4 Tips on Outsourcing Big Data Analytics

Before we delve into the value of outsourcing big data analytics, let’s quickly consider what does it mean. Big data analytics refers to the process of studying big sets of data, intent on discovering patterns, correlations, customer preferences, trends, and so forth. Analysis of big data allows companies to make better business decisions. Some of these better business decisions may include more effective marketing strategies, new revenue streams, improved efficiency, better customer service, and new business opportunities.

Although a wealth of important insights can be garnered from big data, accessing these insights is challenging and typically lies beyond the scope of routine business intelligence. In fact, big data analytics is usually performed by data scientists who use statistical software and predictive models to sift through transaction data, social media, email, web server logs, survey responses, IoT, and so much more.

Some of the largest and most successful companies in the world–Starbucks, T-Mobile, and Walmart–rely on big data analytics. Many of these companies have the means and experience to organize their own teams of data scientists. However, with the great cost and steep learning curve associated with assembling an in-house team of data scientists, outsourcing big data analytics is a good idea for most small- and medium-sized companies. Furthermore, there is currently a dearth of capable data scientists out there which makes it even harder to find good full-time help.
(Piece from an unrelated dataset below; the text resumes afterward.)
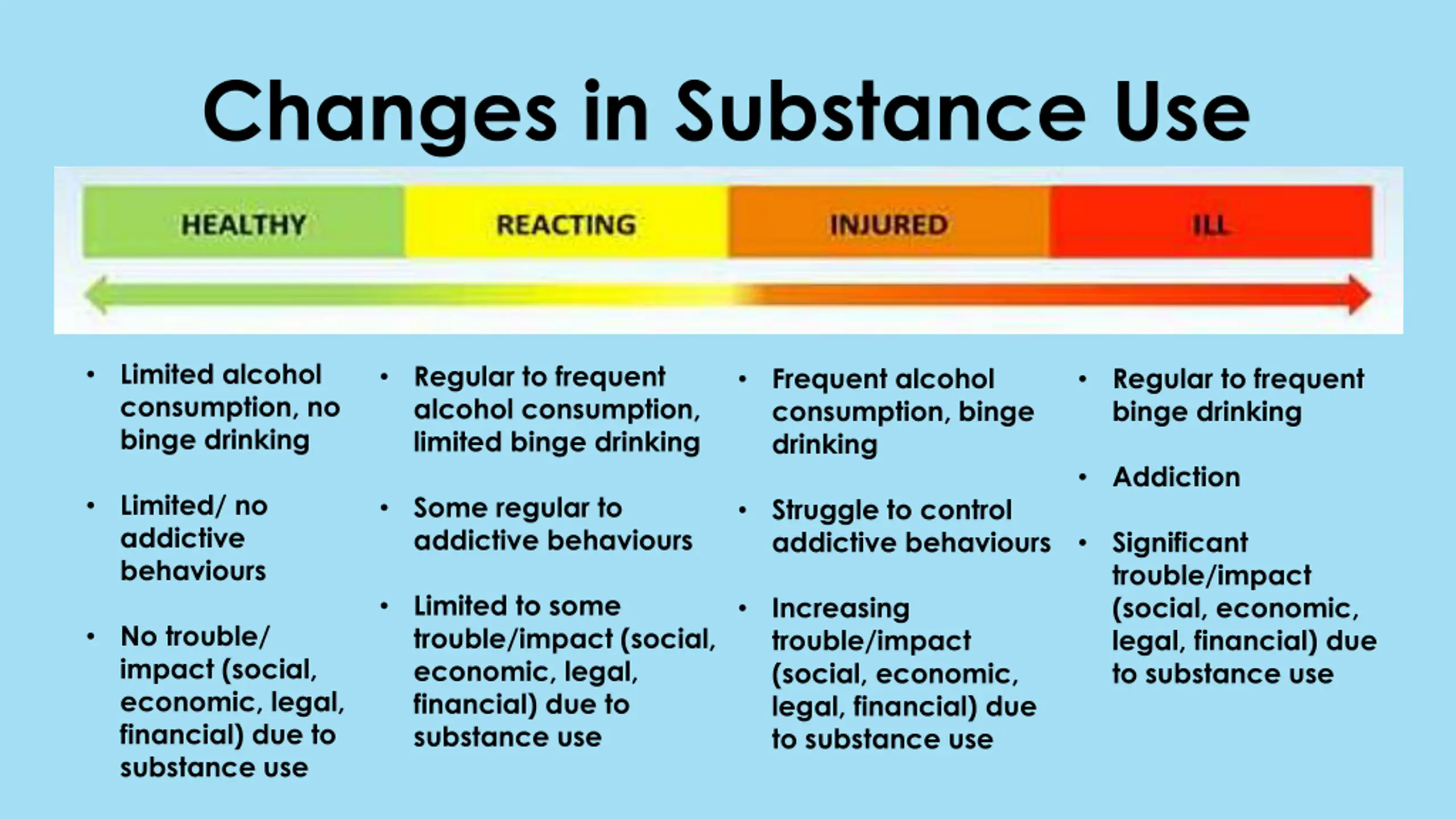 Changes in Substance Use Limited alcohol consumption, no binge drinking Regular to frequent alcohol consumption, limited binge drinking Frequent alcohol consumption, binge drinking Regular to frequent binge drinking Addiction Limited/ no addictive behaviours Some regular to addictive behaviours Struggle to control addictive behaviours Significant trouble/impact (social, economic, legal, financial) due to substance use Limited to some trouble/impact (social, economic, legal, financial) due to substance use Increasing trouble/impact (social, economic, legal, financial) due to substance use No trouble/ impact (social, economic, legal, financial) due to substance use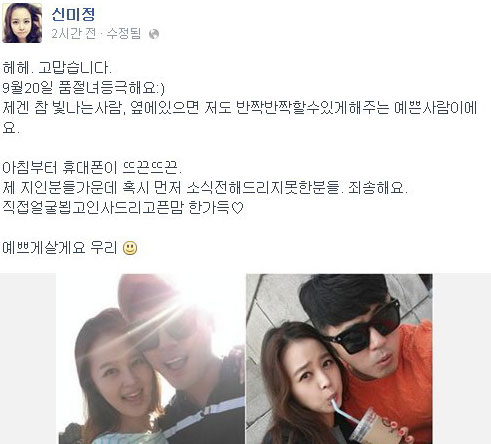 | ▲ 심현보 신미정 결혼/사진=신미정 트위터 | ||

Here are 4 tips to think about before you contract a third-party to help you analyze big data.

Tip 1: Try out your consultants

Please keep in mind that just because you hired on somebody to analyze your big data doesn’t mean that you’re stuck with them. When hiring consultants, find people who can help with your current projects rather than compel you to commit to long-term, cyclopean tasks. Ideally, you should first hope to see tangible results with smaller projects, and build trust this way.

Tip 2: Protect your data

Anybody who analyzes your big data needs access to information behind your firewall or in your cloud. However, it’s a good idea to be smart and secure about how you provide this data. For example, provide customer information without identifiers like names. Imagine how terrible it would be if your customer data was somehow linked to competitors or the general public!

Tip 3: Understand the analysis

Sure, some of the results from big data analytics may be quite technical. However, you should do your best to understand outcomes as well as you can. Consider assembling your own in-house team to act on the analysis. Remember that in the end, strategic decisions are within your purview and shouldn’t be delegated to a hired gun, no matter how good that hired gun may be.

Tip 4: Understand your alternatives

McKinsey & Company and BCG are two superstar consultancy firms to meet your big data needs. However, stellar consultants often come with astronomical price tags. If you’re on a budget, you may want to consider one of the several other companies out there that analyze big data–many of which can be found outside of the United States and Europe. Just be sure to thoroughly vet whomever you choose.

Ultimately, when hiring a third-party consultancy firm to help you with your big data needs remember to be thorough, be careful, and own the process and results. Analyzing your big data can definitely be a boon for business, but only if it’s done right.